■ Work instructions
Transcribe exactly the line with "가정용 자작나무 모자걸이 설치 모습" and each line that follows it in the listing, down to the last, omitting all pictures.

■ Dataset extract
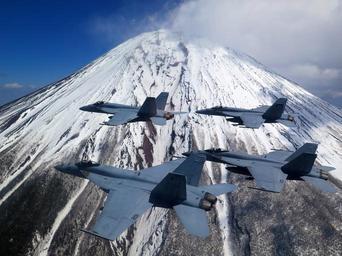 | Keywords: Four F-A-18E Super Hornets flying near Mt. Fuji (150325-N-ZZ999-001).jpg NEAR MT FUJI March 25 2015 Four F/A-18E Super Hornets from the Atsugi Japan-based VFA-27 Royal Maces fly near Mt Fuji The Royal Maces conduct carrier based air strike and strike force escort missions anti-ship operations battle group anti-air operations and surveillance/intellighence collection operations in support of Carrier Air Wing CVW 5 tasking and requirements The squadron is permanently forward-deployed with CVW 5 shore based at Naval Air Facility Atsugi and currently embarked on the Nimitz-class aircraft carrier USS George Washington CVN 73 U S Navy photo by Cmdr Spencer Abbot https //www flickr com/photos/us7thfleet/19306490693/ 150325-N-ZZ999-001 2015-03-25 12 54 Cmdr Spencer Abbot PD-USGov-Military-Navy F/A-18E Super Hornet in flight Strike Fighter Squadron 27 United States Navy Aerial photographs of Mount Fuji Aircraft with Mount Fuji |
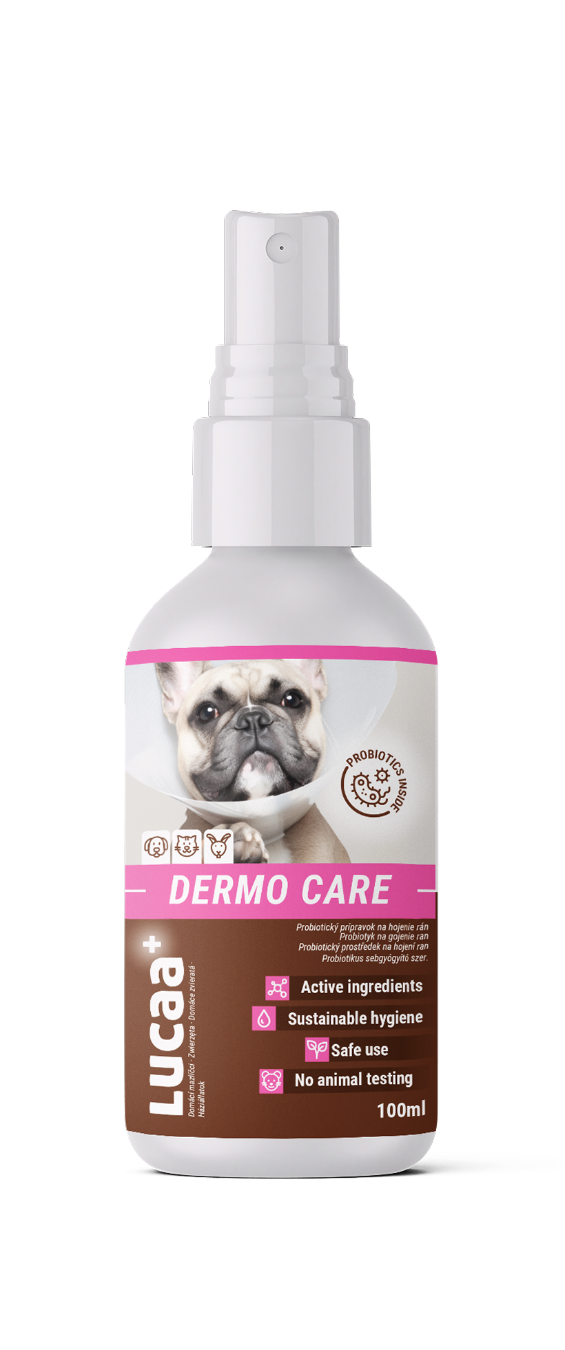 LUCAA+ Dermo Care je probiotický sprej, který podporuje rychlejší a bezpečnější hojení ran u domácích mazlíčků. Díky jedinečné kombinaci prospěšných bakterií obnovuje mikrobiální rovnováhu, odstraňuje organické nečistoty a chrání před infekcemi včetně rezistentních bakterií MRSA
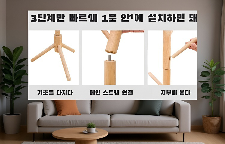 가정용 자작나무 모자걸이 설치 모습
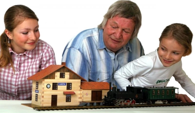 Dyk ned i modelbygningens verden med et byggesæt, der indeholder alt, hvad du behøver for at skabe en detaljeret togstation i skala 1:45. Med træstave med tværsnit 9×9 mm, kartonudstansninger til vinduer og døre samt andre komponenter skaber du autentiske landskabselementer.

■ Finished task
 가정용 자작나무 모자걸이 설치 모습
 Dyk ned i modelbygningens verden med et byggesæt, der indeholder alt, hvad du behøver for at skabe en detaljeret togstation i skala 1:45. Med træstave med tværsnit 9×9 mm, kartonudstansninger til vinduer og døre samt andre komponenter skaber du autentiske landskabselementer.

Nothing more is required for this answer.